Marginal note:Excepted transmissions
(2) Notwithstanding subsection (1), if the laws of the jurisdiction governing the transmission of a security of a deceased holder do not require a grant of probate or of letters of administration in respect of the transmission, a personal representative of the deceased holder is entitled, subject to Part VII and any applicable law relating to the collection of taxes, to become registered as the owner or to designate a person to be registered as the owner, if the personal representative delivers to the company or its transfer agent the following documents, namely,
(a) the security certificate that was owned by the deceased holder; and
(b) reasonable proof of the governing laws, of the deceased holder’s interest in the security and of the right of the personal representative or the designated person to become the registered shareholder.

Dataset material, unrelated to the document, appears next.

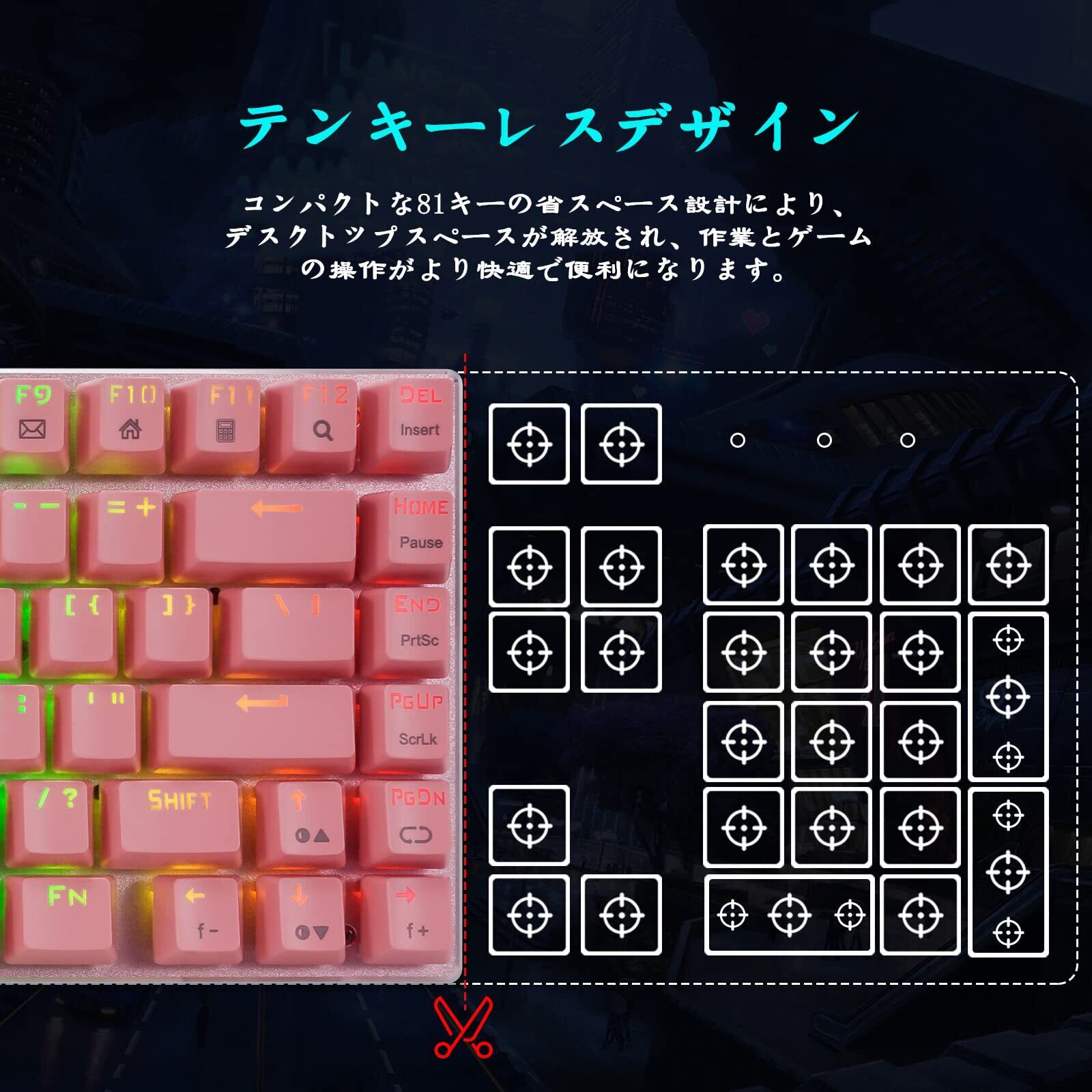 e元素ゲーミングキーボード メカニカル式キーボード 赤軸・青軸・茶軸 アンチゴースト英語配列81キー RGB発光LEDバックライト付き USB有線防水 Windows/Mac OS対応のオフィス&ゲーム用キーボード (青軸, ピンク) | Lulu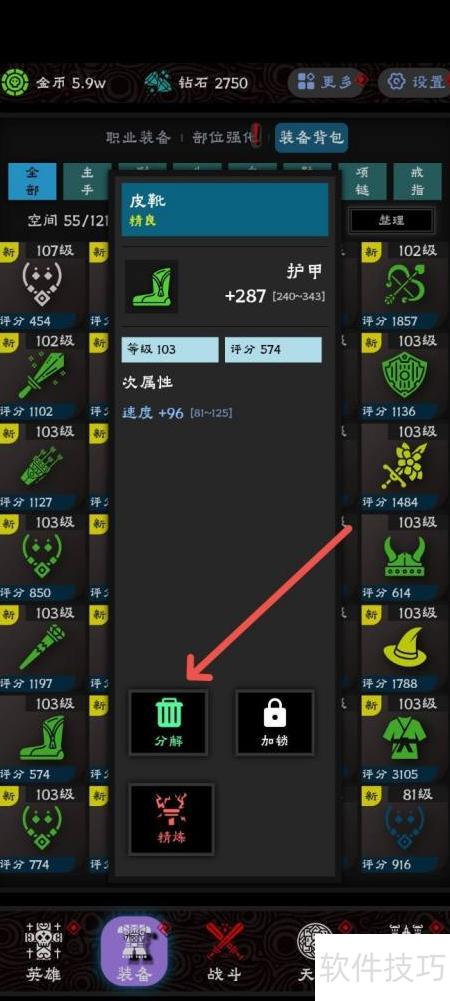 4、 进入皮靴装备详情页,点击分解功能即可完成操作。

Marginal note:Right of company to treat as owner
(3) Subject to Part VII, delivery of the documents referred to in this section empowers a company or its transfer agent to record in a securities register the transmission of a security from the deceased holder to a person referred to in paragraph 97(2)(a) or to such person as the person referred to in that paragraph may designate and, thereafter, to treat the person who becomes so registered as the owner of that security.
- 1991, c. 47, ss. 100, 758
Marginal note:Over-issue
101 (1) The provisions of this Part that validate a security or compel its issue or reissue do not apply to the extent that a validation, issue or reissue would result in over-issue, but
(a) if a valid security similar in all respects to the security involved in the over-issue is reasonably available for purchase, the person entitled to the validation or issue may compel the issuer to purchase and deliver such a security to that person against surrender of the security that the person holds; or
(b) if a valid security similar in all respects to the security involved in the over-issue is not reasonably available for purchase, the person entitled to the validation or issue may recover from the issuer an amount equal to the price the last purchaser for value paid for the invalid security.
Marginal note:Retroactive validation
(2) Where an issuer is subsequently authorized to issue securities of a number equal to or exceeding the number of securities previously authorized plus the amount of the securities over-issued, the securities so over-issued are valid from the date of their issue.
Marginal note:Payment not a purchase or redemption
(3) A purchase or payment by an issuer under subsection (1) is not a purchase or payment in respect of which section 75 or 81 applies.
Marginal note:Burden of proof
102 In any action on a security,
(a) unless specifically denied in the pleadings, each signature on the security or in a necessary endorsement is admitted;
(b) a signature on the security is presumed to be genuine and authorized but, if the effectiveness of the signature is put in issue, the burden of establishing that it is genuine and authorized is on the party claiming under the signature;
(c) if a signature is admitted or established, production of the instrument entitles a holder to recover on it unless the defendant establishes a defence or a defect going to the validity of the security; and
(d) if the defendant establishes that a defence or defect exists, the plaintiff has the burden of establishing that the defence or defect is ineffective against the plaintiff or any person under whom the plaintiff claims.
Marginal note:Securities fungible
103 Unless otherwise agreed, and subject to any applicable law, regulation or stock exchange rule, a person required to deliver securities may deliver any security of the specified issue in bearer form or registered in the name of the transferee or endorsed to the transferee or in blank.